Stella went back to the old man. A ghost of a smile crossed his face.
“At ease, men,” he said. His voice was hoarse as if he didn’t use it much. He had trouble articulating. But he continued, each word coming out painfully, though he didn’t stop until he’d said all he wanted to say. “I understand we’ve got a chance to grab the motherfuckers who fucked with us—” His dark eyes scanned the room, alighting on Catherine, Elle, and Stella. “Pardon my language ladies,” he said solemnly.
“We’re scientists,” Catherine said. “I think fuckers is the correct technical term.”
Another ghost of a smile. For a fleeting second, Elle could see something of the man he’d been, hidden deep behind the shattered exterior. And that man had been . . . handsome. Yes, she could see it now. And Stella saw it too. Certainly her eyes never left his face.
“We want payback,” he said simply.
The two badly injured men nodded their heads jerkily. They clearly had little motor control. “P-P-P-Payb-b-b-ack,” one stuttered. He had a big perfectly round keloid scar right over where the neocortex was. Someone had punched a sensor right into his brain.

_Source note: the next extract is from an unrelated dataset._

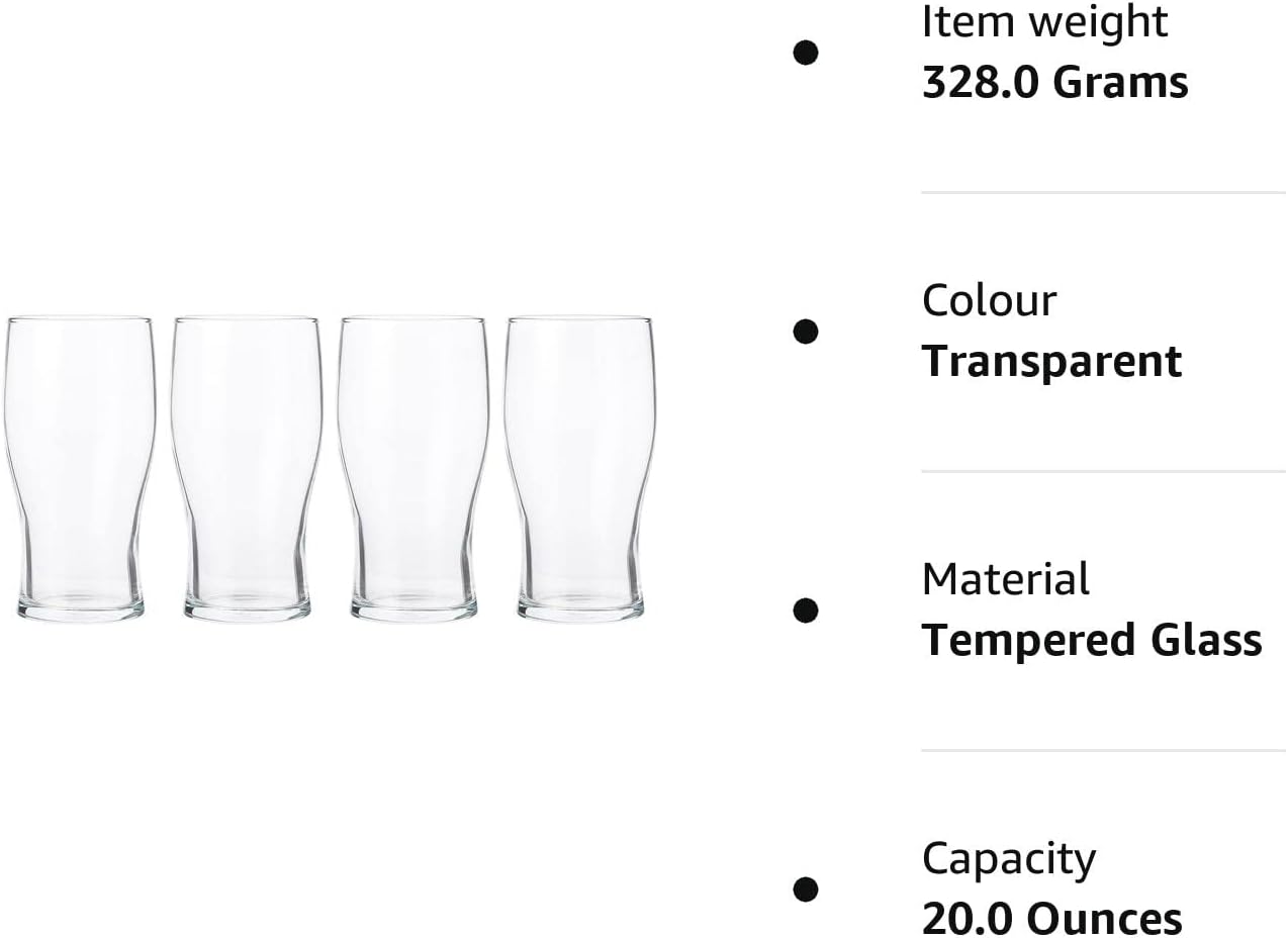 Pasabahce A1-ISCJ-UF2J Tulip Pint Beer Glass, 20oz Capacity, Pack of 4

All three men were becoming white-faced with the strain of standing up, and the man with the sensor scar was trembling. They didn’t look as if they could face breakfast let alone a mission. She looked around. No one was saying anything about their obvious physical condition. She waited another second but there was only silence.
O-kay. She would have to be the bad guy.
“That’s very kind of you,” she began gently, “but perhaps—”
The elderly man turned his head painfully and fixed her with a look. For an instant Elle wanted to step back, the power of that look was so great. It was a banked power, a power linked to a damaged body, but inside that man strength and intelligence glowed and gathered.
The words came slowly and painfully. “I understand there are people in their hands. They will experiment on them and then they will kill them. I do not want to live if we can’t make an attempt to rescue them the way my men rescued us. We aren’t physically capable of going on the mission with you, Mac.” His already hoarse voice broke and he hung his head down as if someone had cut a tendon. Then his head rose and his black eyes glowed with strength and purpose. “But we are perfectly capable of manning the war room and providing intel. So we will rescue those people. Together. Hoo-yah.”
“Hoo-yah!” A chorus of seven men’s voices, all strong and true, rang out.
Chapter 12
Arka Pharmaceuticals Headquarters
San Francisco
One entire wall of Lee’s office was a huge glowing hologram. Along the bottom of the hologram ran a series of data packets, including the date: three months ago.